Write Intensive UsageWhen copying games from your Steam Library or other very large files (>10 GB), you might have noticed that write speeds on your SSD start out at full speed and then drop considerably. The underlying reason is that modern drives have caches that soak up write bursts to improve performance. In the fairly uncommon scenario of writing data that's too big to fit into these caches, the drive will have to write data directly to flash, and it will probably juggle some out of its write cache at the same time as well, which can result in a significant loss of write speed. Newer TLC drives operate part of their capacity in SLC mode for increased performance. This test can reveal the size of that SLC cache.
Testing on this page looks at exactly that scenario. We write a sequential stream of 1 MB blocks to the drive in a single thread, like a typical file-copy operation would do, and measure write speeds twice a second. The drive is fully erased before testing to ensure any caches are emptied. Please note that this test writes a lot of data in a very short time, which is something most consumers will never do.

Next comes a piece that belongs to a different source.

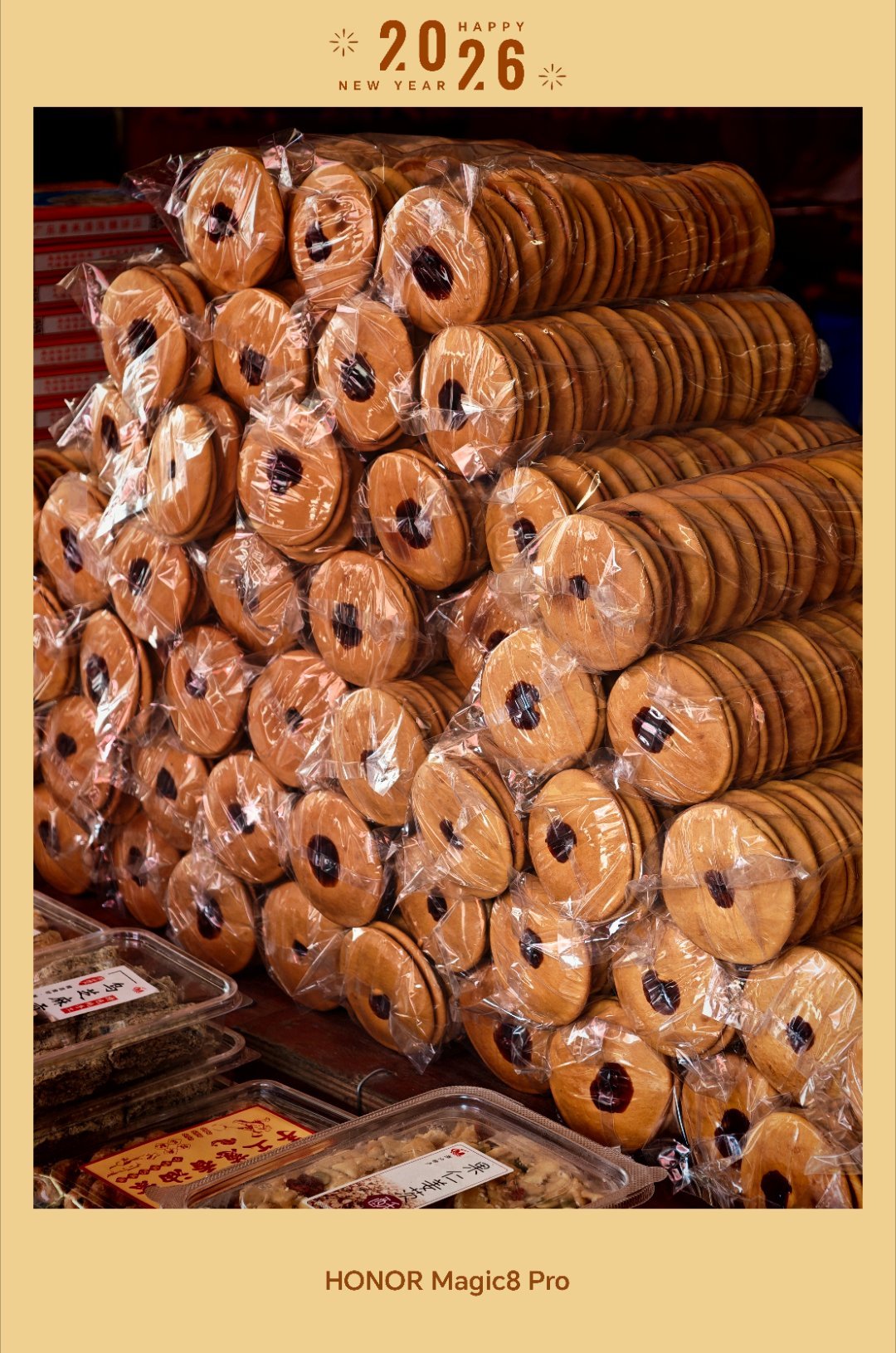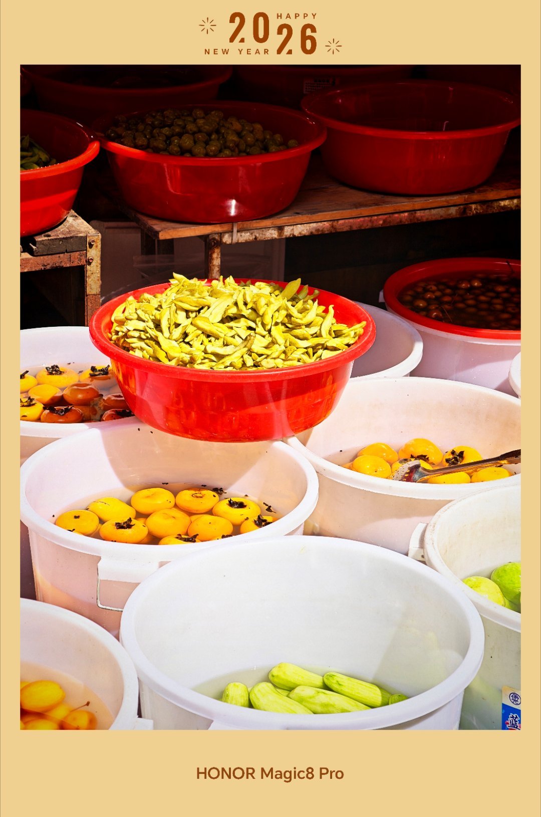 来上一些春节随手拍。坐标:惠来隆江。除了猪脚饭,还有绿豆饼。还有腌制的,水果?一桶一桶的泡在水里,好像也是这边的特色,好多。📱 shot on HONOR.春节摄影大赛

As long as the drive is writing to its SLC buffer, speeds are very good, reaching the 500 MB/s limit of the SATA interface. Once the buffer is exhausted though, speeds drop like a rock, down to around 150 MB/s. They do recover after a few seconds (when the SLC buffer has been flushed), but drop again quickly, as long as the write load is running.
Compared to other drives, the SLC cache is rather small with 4 GB.